Можешь считать их оххххренительно огромным паролем, который на сегодняшнее время крайне трудно (на практике - можно считать, что невозможно) взломать. Зато авторизация происходит легко, ненавязчиво и без необходимости постоянно вбивать пароль.

Как и пароль, ты должен хранить свой приватный ключ в надёжном месте, и следить, чтобы никто не имел доступа к твоему каталогу ~/.ssh

Можешь.

Спасибо, шаблон порван на клочки.

Как и пароль, ты должен хранить свой приватный ключ в надёжном месте, и следить, чтобы никто не имел доступа к твоему каталогу ~/.ssh

В панике побежал проверять, везде drwx------. Пойду, валерианочки выпью.

А что, если админ сдаст?
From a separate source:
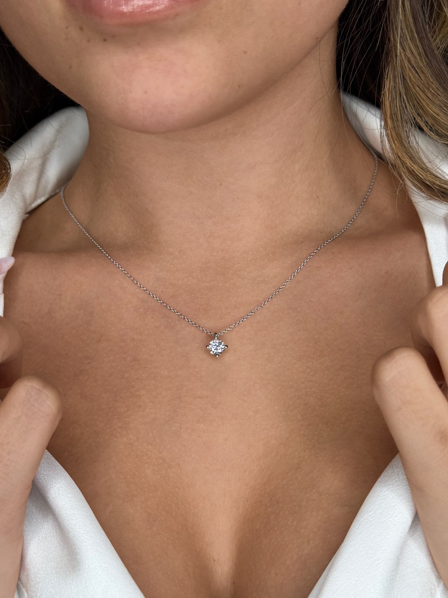Questa collana in oro 750 presenta un diamante lab-grown da 0,70 ct taglio brillante, incastonato in una montatura essenziale che esalta tutta la sua luminosità.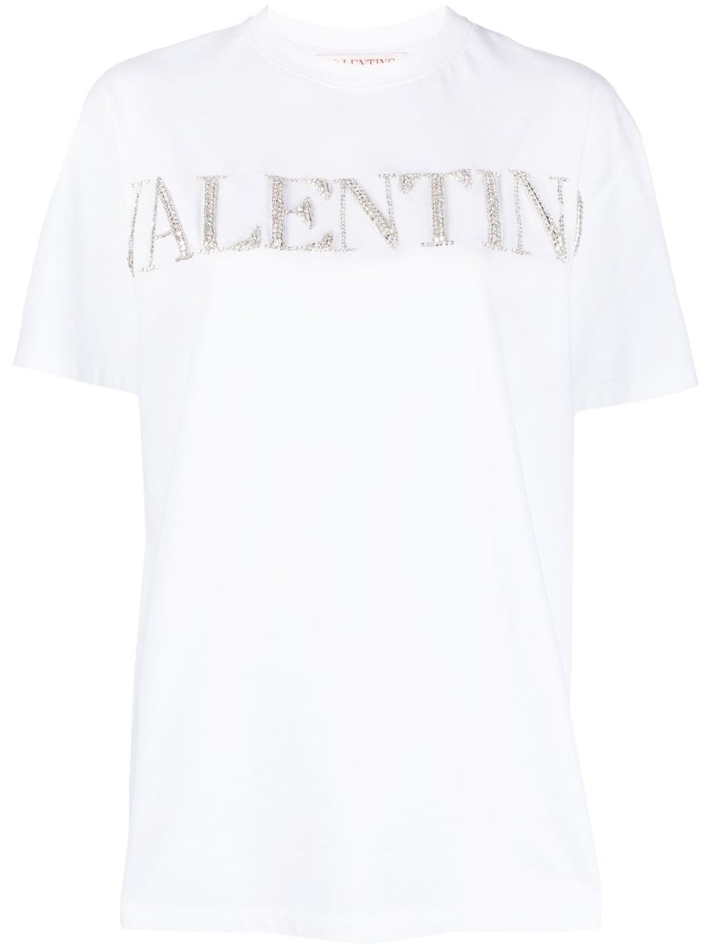 crystal-logo cotton T-shirt Valentino Garavani takes an elegant approach to branded design with this cotton-spun T-shirt, boldly embellished with a crystal logo at the front. Highlights - Valentino ready to wear - White - Cotton - Crystal embellishment - Logo lettering - Round neck - Short sleeves - Straight hem Made in Italy Composition Cotton 100%, Polyester 100% SIZE & FIT Model measurements Height 5 ft 10 in(1.78 m) Bust/Chest 30.7 in(78 cm) Hips 34.64 in(88 cm) Waist 23.22 in(59 cm) FittingInformation Designed to be unstructured, offering a loose fit throughout Made from a midweight non-stretch fabric, this piece offers minimal elasticity when worn This piece fits true to size – take your usual size Washing instructions Dry Clean Only

У него ведь root?

А что, если админ сдаст? У него ведь root?

Какой админ? Твой приватный ключ должен хранится только у тебя на машине, локально.

На удаленные сервера ты кладешь публичный ключ.

Какой админ? Твой приватный ключ должен хранится только у тебя на машине, локально.

Мою локальную машину обслуживаю не я, а специальный админ (как шофёр, типа). У меня нету рута, рут есть у него.

На удаленные сервера ты кладешь публичный ключ.

По роду работы, с удалённых серверов нужен доступ на другие удалённые сервера. И на каждом заправляет специальный админ.

Мою локальную машину обслуживаю не я, а специальный админ (как шофёр, типа). У меня нету рута, рут есть у него.

Приватный ключ можно защитить паролем и потом разблокировать вводя пароль один раз за сеанс работы(а можно и каждый раз при обращении к ключу - для настоящих параноиков). Тогда даже если его сопрут - пока не сбрутят пароль - ключ будет бесполезен

По роду работы, с удалённых серверов нужен доступ на другие удалённые сервера. И на каждом заправляет специальный админ.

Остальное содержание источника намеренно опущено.